(Stored items)
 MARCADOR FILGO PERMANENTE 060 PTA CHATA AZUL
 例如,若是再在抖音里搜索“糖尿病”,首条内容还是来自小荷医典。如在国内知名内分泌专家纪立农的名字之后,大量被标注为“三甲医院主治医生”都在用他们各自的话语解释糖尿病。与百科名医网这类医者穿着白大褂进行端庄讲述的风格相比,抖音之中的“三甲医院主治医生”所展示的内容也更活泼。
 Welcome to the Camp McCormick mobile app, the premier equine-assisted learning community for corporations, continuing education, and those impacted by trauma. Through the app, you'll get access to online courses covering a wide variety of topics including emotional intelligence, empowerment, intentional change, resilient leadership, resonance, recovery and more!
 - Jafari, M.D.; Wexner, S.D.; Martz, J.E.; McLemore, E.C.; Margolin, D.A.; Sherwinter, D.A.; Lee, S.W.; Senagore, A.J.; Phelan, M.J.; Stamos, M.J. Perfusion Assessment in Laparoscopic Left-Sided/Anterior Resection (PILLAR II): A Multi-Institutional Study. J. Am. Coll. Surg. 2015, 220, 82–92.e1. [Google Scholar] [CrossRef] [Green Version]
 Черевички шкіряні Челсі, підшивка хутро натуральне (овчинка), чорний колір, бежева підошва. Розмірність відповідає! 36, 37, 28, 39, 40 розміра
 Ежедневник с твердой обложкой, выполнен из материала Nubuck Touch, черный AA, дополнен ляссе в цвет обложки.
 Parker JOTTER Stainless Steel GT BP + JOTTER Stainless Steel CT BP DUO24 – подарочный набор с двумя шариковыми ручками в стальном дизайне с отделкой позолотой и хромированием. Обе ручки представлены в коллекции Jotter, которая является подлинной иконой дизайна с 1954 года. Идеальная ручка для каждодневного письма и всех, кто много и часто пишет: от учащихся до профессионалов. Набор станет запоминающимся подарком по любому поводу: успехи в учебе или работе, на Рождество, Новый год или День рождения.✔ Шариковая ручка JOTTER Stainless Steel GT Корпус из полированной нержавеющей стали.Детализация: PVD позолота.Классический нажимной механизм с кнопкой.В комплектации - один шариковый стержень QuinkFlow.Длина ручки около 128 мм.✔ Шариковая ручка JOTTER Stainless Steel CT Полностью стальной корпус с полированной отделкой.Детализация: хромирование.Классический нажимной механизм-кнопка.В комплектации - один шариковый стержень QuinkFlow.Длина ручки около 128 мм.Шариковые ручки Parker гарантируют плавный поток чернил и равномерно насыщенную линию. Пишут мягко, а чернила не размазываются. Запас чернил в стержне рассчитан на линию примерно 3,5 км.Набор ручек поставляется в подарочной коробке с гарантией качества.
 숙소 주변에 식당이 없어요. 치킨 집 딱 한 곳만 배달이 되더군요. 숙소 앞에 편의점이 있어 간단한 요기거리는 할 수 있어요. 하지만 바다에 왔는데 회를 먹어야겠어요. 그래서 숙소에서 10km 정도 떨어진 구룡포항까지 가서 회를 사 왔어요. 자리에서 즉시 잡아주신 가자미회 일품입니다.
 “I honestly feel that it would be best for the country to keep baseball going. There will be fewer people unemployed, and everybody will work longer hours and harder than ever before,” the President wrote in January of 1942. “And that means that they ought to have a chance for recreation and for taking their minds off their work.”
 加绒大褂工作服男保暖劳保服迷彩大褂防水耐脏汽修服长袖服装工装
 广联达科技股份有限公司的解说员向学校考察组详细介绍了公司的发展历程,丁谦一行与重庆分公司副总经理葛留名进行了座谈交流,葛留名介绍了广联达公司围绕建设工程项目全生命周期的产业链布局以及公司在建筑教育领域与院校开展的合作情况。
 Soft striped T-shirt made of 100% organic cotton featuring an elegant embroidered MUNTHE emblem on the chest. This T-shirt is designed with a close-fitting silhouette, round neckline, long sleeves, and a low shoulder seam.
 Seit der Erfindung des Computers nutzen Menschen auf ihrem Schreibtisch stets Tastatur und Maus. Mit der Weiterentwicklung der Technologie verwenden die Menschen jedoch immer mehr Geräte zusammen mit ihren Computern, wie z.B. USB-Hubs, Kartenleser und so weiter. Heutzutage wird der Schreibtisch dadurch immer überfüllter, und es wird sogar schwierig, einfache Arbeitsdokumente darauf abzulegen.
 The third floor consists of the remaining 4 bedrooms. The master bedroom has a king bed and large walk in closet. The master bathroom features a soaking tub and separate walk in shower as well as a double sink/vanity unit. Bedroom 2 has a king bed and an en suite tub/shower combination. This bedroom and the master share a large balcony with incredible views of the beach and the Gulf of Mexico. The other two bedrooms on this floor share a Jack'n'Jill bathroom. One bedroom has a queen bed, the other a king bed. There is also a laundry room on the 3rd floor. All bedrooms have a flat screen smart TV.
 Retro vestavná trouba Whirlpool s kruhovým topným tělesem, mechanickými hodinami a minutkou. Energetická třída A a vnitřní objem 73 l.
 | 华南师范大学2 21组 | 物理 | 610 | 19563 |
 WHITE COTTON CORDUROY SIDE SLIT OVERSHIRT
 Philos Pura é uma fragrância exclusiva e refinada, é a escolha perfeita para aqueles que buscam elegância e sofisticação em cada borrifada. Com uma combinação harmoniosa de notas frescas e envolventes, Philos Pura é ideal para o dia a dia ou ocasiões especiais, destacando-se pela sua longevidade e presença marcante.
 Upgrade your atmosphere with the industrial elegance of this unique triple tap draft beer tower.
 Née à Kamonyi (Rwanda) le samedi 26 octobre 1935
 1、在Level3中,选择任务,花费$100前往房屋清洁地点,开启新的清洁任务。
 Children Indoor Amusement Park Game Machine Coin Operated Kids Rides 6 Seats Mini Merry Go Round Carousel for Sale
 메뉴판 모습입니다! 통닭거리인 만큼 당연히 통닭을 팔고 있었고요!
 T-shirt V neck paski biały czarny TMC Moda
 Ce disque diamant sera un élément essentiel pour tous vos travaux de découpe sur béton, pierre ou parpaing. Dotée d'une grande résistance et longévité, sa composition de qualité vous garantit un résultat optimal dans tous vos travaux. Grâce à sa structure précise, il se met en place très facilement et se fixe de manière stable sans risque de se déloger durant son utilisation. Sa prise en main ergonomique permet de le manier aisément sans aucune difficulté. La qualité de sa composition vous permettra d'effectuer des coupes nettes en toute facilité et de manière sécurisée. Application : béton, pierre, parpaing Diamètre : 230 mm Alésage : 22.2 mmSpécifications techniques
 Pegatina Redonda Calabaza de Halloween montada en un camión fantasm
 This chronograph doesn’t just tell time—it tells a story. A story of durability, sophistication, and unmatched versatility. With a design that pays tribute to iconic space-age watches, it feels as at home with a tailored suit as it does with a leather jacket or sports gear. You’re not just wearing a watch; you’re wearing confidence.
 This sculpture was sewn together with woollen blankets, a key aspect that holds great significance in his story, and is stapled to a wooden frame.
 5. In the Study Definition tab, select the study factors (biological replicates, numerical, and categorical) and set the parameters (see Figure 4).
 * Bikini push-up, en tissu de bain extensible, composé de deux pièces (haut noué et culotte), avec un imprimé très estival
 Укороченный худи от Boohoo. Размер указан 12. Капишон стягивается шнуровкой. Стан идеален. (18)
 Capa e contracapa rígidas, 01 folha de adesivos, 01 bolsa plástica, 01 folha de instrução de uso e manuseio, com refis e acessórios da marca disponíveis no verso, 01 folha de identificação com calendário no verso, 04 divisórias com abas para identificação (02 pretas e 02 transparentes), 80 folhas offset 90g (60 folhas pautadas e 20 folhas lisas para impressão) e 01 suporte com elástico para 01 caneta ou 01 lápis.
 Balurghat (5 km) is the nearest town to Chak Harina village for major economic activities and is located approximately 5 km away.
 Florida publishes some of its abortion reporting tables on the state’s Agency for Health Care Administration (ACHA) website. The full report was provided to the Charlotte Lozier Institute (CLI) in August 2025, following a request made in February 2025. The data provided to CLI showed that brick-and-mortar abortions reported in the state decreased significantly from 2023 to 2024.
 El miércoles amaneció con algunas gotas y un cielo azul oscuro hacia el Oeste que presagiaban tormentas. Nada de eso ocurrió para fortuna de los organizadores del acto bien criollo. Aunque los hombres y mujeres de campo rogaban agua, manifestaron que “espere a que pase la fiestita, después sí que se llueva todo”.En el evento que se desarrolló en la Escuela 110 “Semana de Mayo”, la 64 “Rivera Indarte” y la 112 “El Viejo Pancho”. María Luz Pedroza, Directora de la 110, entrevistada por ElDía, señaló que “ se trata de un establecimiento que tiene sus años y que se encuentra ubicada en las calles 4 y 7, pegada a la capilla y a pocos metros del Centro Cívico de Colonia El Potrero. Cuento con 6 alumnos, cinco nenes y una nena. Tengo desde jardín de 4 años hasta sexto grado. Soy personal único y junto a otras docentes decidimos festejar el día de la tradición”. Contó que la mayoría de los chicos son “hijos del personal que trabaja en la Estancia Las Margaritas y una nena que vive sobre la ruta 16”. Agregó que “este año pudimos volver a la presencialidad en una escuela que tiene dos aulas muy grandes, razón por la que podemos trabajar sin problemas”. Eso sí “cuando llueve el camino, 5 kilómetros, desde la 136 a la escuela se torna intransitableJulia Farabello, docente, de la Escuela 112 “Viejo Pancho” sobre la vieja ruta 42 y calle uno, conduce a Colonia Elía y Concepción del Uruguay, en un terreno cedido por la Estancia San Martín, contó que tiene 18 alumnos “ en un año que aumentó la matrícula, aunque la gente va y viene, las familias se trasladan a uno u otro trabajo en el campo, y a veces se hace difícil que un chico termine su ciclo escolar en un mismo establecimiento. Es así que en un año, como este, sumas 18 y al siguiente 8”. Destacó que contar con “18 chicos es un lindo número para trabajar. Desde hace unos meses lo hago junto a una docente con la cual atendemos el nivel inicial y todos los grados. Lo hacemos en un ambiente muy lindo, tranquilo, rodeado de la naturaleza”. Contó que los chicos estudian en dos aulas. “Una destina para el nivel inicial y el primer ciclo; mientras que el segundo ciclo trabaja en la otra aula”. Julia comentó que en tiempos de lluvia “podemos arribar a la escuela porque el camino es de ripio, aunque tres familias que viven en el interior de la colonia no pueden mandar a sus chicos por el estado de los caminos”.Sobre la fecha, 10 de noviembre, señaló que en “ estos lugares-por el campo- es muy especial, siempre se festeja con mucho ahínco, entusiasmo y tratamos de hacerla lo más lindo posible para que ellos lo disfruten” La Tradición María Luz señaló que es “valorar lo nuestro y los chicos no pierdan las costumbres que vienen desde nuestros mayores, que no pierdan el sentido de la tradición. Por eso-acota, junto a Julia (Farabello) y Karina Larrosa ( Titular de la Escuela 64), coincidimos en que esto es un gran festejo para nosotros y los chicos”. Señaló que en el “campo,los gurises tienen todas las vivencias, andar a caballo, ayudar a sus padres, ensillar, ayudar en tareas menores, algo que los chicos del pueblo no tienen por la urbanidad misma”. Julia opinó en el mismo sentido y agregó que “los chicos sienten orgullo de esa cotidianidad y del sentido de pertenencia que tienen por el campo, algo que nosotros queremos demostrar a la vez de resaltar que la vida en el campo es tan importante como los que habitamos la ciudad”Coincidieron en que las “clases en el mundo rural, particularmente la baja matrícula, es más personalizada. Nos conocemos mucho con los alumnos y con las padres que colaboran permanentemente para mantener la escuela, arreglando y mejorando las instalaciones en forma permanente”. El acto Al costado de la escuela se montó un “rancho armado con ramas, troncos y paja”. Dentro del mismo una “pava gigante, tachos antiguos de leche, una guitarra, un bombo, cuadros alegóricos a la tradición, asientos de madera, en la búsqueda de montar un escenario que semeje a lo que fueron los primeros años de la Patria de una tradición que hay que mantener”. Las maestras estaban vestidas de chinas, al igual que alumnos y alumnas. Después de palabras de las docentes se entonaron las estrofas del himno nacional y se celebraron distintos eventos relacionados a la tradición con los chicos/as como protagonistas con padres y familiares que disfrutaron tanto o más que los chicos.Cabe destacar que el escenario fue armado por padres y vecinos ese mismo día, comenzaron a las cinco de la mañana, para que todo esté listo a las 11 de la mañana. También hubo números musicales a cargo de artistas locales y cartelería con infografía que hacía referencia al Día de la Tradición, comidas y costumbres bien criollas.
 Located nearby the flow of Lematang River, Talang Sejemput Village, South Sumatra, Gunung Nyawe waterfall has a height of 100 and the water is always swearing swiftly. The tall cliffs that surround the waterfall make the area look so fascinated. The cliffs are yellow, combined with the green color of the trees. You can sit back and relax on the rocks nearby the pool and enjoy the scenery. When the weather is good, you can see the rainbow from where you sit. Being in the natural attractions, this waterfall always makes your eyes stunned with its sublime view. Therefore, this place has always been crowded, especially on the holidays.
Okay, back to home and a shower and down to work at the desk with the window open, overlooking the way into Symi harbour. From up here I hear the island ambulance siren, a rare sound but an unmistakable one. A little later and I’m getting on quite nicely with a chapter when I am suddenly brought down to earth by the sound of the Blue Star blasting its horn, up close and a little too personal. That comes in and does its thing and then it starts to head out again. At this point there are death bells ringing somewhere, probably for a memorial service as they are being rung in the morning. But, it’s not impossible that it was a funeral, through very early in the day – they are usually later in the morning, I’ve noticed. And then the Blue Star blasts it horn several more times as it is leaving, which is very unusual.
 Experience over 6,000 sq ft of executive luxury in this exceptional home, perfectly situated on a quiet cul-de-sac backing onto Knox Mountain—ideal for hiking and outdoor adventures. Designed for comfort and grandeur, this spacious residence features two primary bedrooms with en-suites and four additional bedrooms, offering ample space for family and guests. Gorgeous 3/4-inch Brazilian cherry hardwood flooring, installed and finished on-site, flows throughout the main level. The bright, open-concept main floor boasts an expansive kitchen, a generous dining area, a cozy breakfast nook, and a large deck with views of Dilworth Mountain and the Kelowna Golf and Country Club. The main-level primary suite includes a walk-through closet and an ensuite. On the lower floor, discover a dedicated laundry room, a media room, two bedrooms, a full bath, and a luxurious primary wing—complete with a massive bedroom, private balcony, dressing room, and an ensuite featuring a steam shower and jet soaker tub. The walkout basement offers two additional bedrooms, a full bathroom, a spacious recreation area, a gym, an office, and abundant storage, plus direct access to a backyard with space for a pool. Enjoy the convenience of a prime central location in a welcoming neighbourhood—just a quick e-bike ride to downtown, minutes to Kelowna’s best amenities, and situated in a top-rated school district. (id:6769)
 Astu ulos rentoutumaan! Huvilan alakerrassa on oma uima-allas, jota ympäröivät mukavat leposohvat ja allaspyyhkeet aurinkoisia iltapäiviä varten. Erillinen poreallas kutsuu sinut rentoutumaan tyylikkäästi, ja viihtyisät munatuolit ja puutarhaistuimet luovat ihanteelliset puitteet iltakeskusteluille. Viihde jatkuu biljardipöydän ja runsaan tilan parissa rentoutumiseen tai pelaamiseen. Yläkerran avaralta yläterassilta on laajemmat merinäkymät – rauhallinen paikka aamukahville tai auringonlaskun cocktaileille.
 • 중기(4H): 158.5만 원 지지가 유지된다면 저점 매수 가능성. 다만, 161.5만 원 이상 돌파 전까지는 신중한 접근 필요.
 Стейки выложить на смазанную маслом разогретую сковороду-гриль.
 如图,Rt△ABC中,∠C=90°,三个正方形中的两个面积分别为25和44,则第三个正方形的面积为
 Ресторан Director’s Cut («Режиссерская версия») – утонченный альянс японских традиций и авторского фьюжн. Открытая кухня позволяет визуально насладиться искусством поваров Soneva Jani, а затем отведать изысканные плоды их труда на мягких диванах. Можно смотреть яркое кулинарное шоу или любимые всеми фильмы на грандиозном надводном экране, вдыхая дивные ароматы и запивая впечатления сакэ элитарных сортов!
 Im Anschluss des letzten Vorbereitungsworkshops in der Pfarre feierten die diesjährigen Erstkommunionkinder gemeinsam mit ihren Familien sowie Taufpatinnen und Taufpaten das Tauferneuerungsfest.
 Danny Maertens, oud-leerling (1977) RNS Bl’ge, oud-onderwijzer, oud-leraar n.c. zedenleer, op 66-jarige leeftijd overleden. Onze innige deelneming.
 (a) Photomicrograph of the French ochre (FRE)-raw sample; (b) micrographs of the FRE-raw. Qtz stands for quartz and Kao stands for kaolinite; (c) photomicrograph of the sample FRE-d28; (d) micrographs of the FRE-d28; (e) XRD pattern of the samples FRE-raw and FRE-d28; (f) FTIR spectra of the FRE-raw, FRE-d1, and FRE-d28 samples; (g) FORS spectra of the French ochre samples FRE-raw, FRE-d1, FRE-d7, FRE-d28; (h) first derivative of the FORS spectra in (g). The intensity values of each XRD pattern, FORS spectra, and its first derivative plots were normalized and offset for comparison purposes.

[Problem to solve] Check each line of the entries for "Study" and copy those that have it.

[Result]
 - Jafari, M.D.; Wexner, S.D.; Martz, J.E.; McLemore, E.C.; Margolin, D.A.; Sherwinter, D.A.; Lee, S.W.; Senagore, A.J.; Phelan, M.J.; Stamos, M.J. Perfusion Assessment in Laparoscopic Left-Sided/Anterior Resection (PILLAR II): A Multi-Institutional Study. J. Am. Coll. Surg. 2015, 220, 82–92.e1. [Google Scholar] [CrossRef] [Green Version]
 5. In the Study Definition tab, select the study factors (biological replicates, numerical, and categorical) and set the parameters (see Figure 4).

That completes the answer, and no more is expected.